TASK TO COMPLETE
Reproduce the material below line by line, beginning with its first line and ending with the line that contains "고양시 전용서체인 고양체는"; leave out pictures.

EXERCISE MATERIALS
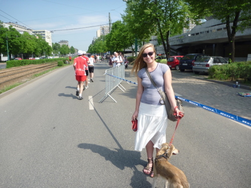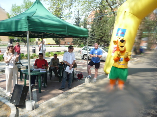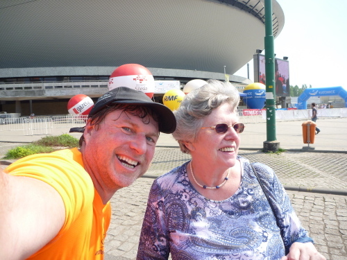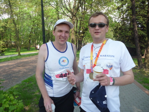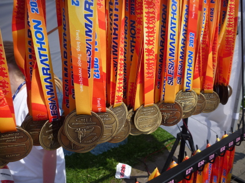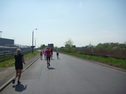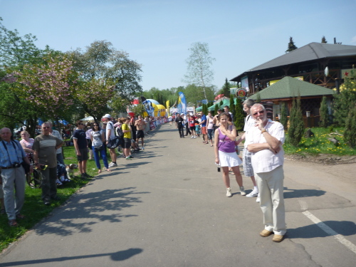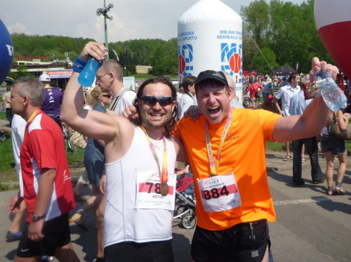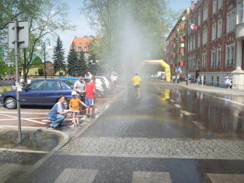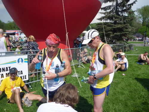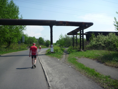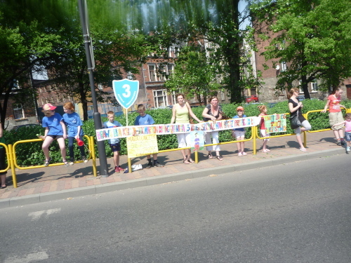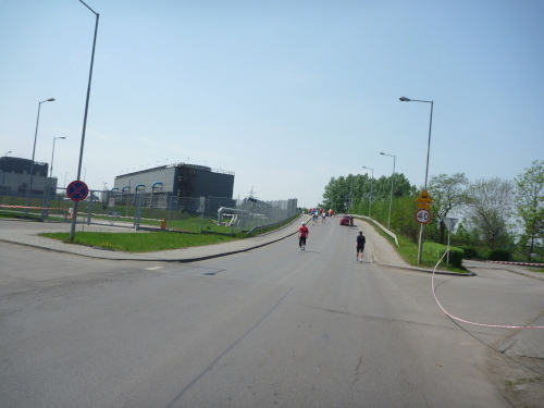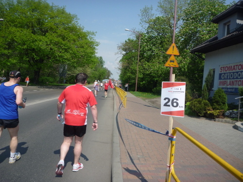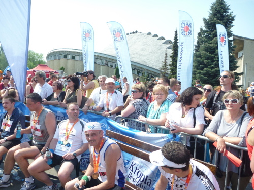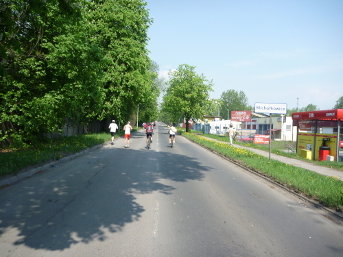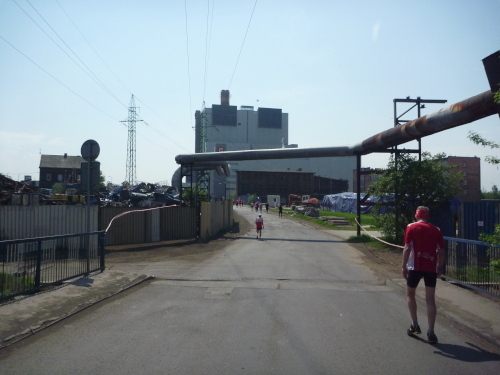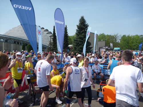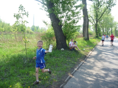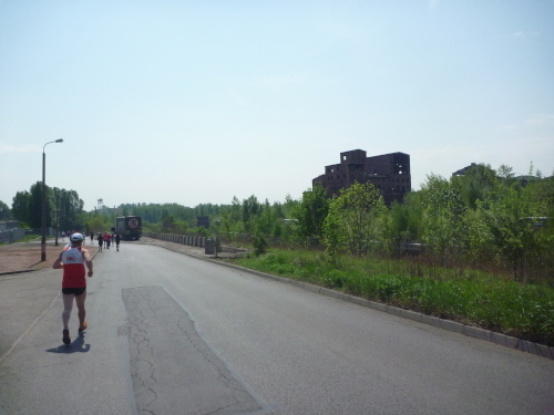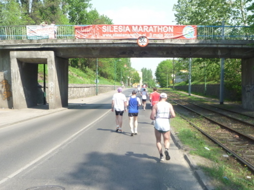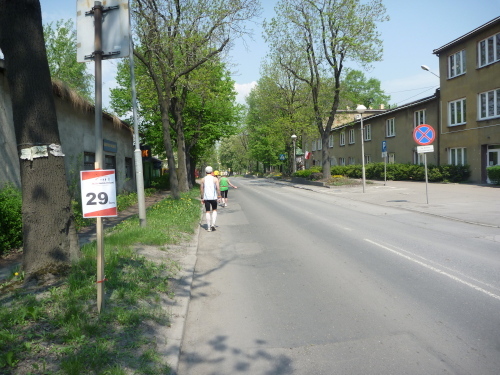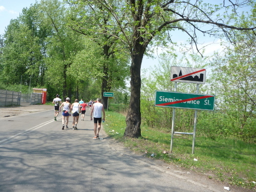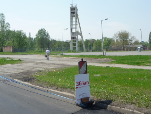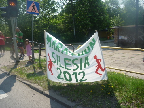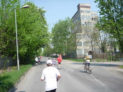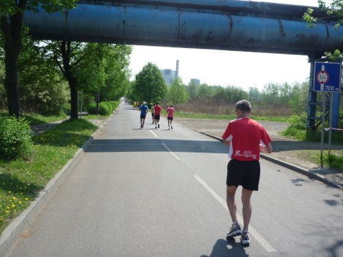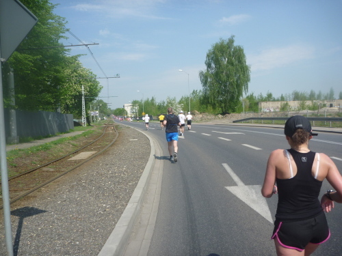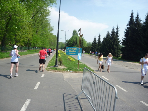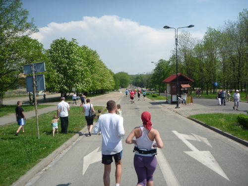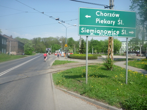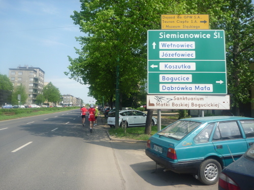 Wir biegen nun ab nach Norden über die Aleja Korfantego (Korfanty Allee), wo ich ein günstiges Hotel gefunden hatte und laufen zurück zum Spodek, um die 400 Halbmarathonläufer mitzunehmen. Meine Mutter war mit meinem Großvater zum Fußball, Boxen und Catchen, alles in Kattowitz, nun ist sie sogar zum Marathon und steht vor dem Spodek, um mir eine Flasche Wasser zu reichen.
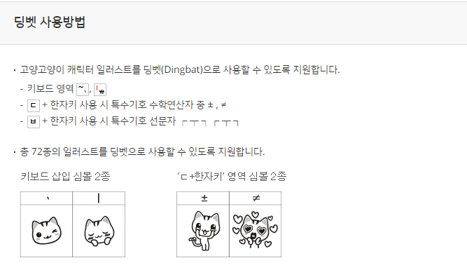 고양시 전용서체인 고양체는 다른 폰트와 달리 남다른 매력이 있어요. 딩뱃이라고 해서 캐릭터 일러스트를 쓸수 있는데요. 사용방법은 사진 참고해주세요.
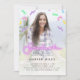 Graduation photo invitation, featuring a retro 1980s pastel pattern and pink neon "graduation" script. Suitable for the high school or college graduate. Can be used as a graduation thank you card or grad party invitation.
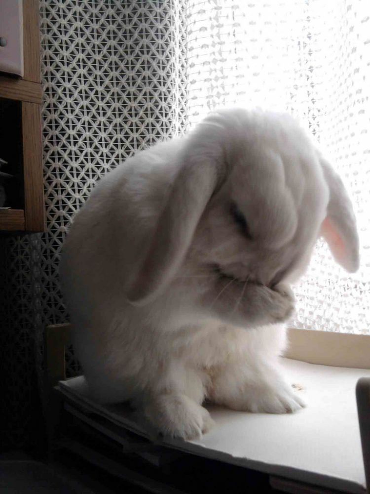 Dobbantás a hátsó lábakkal: furcsa, esetleg rémisztő hang esetén figyelmeztetés a többieknek, olyan "riadó" féle. Az egyáltalán nem baj, ha másik nyuszi nincs a közelben, azért még jeleznek. Sikeres párzás után a bakok ütemesen dobbantgatnak, ez olyan, mintha ezzel is nyomatékosítani akarnák "férfiasságukat". A fogak csikorgatása: fájdalomra utaló jelzés. Soha ne hagyjuk figyelmen kívül nyuszink fogcsikorgatását, feltétlenül derítsük ki az okát, ha másképpen nem megy vigyük el állatorvoshoz. A fogak ropogtatása: a nyuszi nagyon jól érzi magát. Általában simogatásra, cirógatásra, puszilgatásra szoktak így reagálni, olyasmi lehet ez a nyuszóknál, mint a cicáknál a dorombolás. Általában meghitt kapcsolatot feltételez, egy nyuszi nem ropogtatja a fogát "akárkinek". Nyammogás: olyan, mint a fogak ropogtatása, azt fejezi ki, hogy a nyuszinak nagyon kellemes érzés, amit éppen csinálunk vele. Sikítás: extrém fájdalom esetén, a nyuszi nagyon meg is van rémülve. (Pl. beszorul valahova a lába, megijed, próbál menekülni és mivel teljesen bepánikol - lévén menekülő állat - még akár saját magában is kárt tesz.) Nyalogatás: puszilgatás. A nyuszi szeretetének egyik legegyértelműbb és leghatározottabb kifejezése. Bökdösődés: kedves figyelemfelkeltés, invitálás játékra, simogatásra vagy csak úgy egyáltalán arra, hogy foglalkozzunk vele. Hegyezett fülek (előre álló fülek): a nyuszi figyel, kiváncsi, érdeklődik. Az áll odadörzsölése tárgyakhoz (bármihez, ételhez is, hozzánk is): jelölés. A nyusziknak az álluk alatt is található illatmirigyük, innen kenegetik egyéni illatukat a különböző dolgokhoz, ezzel mintegy ki-/megjelölve territóriumukat. A fej és pofi mosdatása az első mancsokkal: egyrészt tisztálkodás (por, egyebek eltávolítása bajuszról, pofiról), másrészt az állon lévő illatanyagok rákenése a mancsokra, amit onnan szaladgálás közben továbbken a padlóra. Két lábra állás: érdeklődés, kémlelés, kiváncsi nézelődés. Oldalfekvés elterülve: nyuszink nyugodt, biztonságban érzi magát, elernyedt és aludni szeretne. Sokszor pihennek, alszanak nyitott szemmel, ez természetes, ne ijedjünk meg tőle. Nagy, tágra nyitott szemek, még a szem fehérje is kilátszik: a nyuszi meg van ijedve. Morcogás: kedves udvarlás. A bak nyuszik szokták hallatni, miközben körülszaladgálják szerelmük tárgyát. Ebben a kegyben nem csak nyuszilányok részesülhetnek, hanem mi emberek is. Makogás kicsit magas hangon, a nyuszi összehúzza magát és lelapul: hagyjál békén, ne piszkálj!! Cikázás, cselezés, villám módjára rohangálás, magasba ugrálás: a nyuszónak "virágos jó kedve" van. |
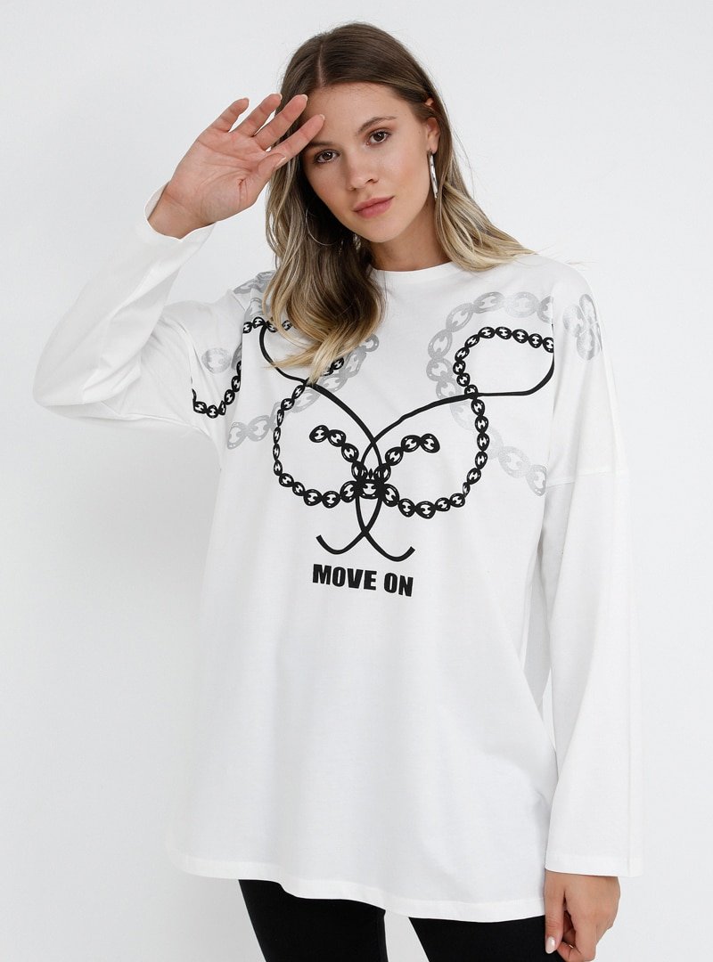 Alia Ekru Doğal Kumaşlı Baskılı Tunik
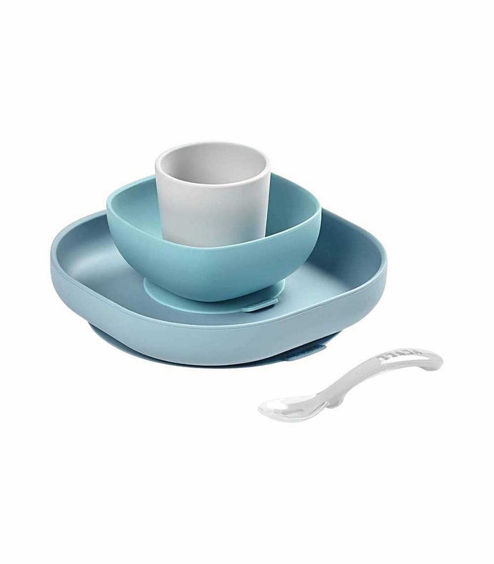 Praktiskt och hållbart matset i silikon med sugkopp för säkra måltider. Setet innehåller tallrik, skål, glas och sked – allt du behöver för barnets första matstunder. Tål diskmaskin och mikrovågsugn och har halkfri botten för extra trygghet. Perfekt för små barn och föräldrar som vill göra måltider både enkla och roliga!
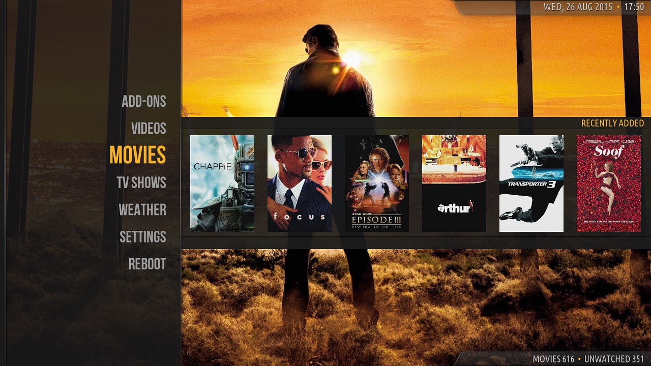 No bloatware, just your media with an easy to navigate interface. Uses some textures from Mediastream and Aeon skins.

ANSWER TO THIS PROBLEM
 Wir biegen nun ab nach Norden über die Aleja Korfantego (Korfanty Allee), wo ich ein günstiges Hotel gefunden hatte und laufen zurück zum Spodek, um die 400 Halbmarathonläufer mitzunehmen. Meine Mutter war mit meinem Großvater zum Fußball, Boxen und Catchen, alles in Kattowitz, nun ist sie sogar zum Marathon und steht vor dem Spodek, um mir eine Flasche Wasser zu reichen.
 고양시 전용서체인 고양체는 다른 폰트와 달리 남다른 매력이 있어요. 딩뱃이라고 해서 캐릭터 일러스트를 쓸수 있는데요. 사용방법은 사진 참고해주세요.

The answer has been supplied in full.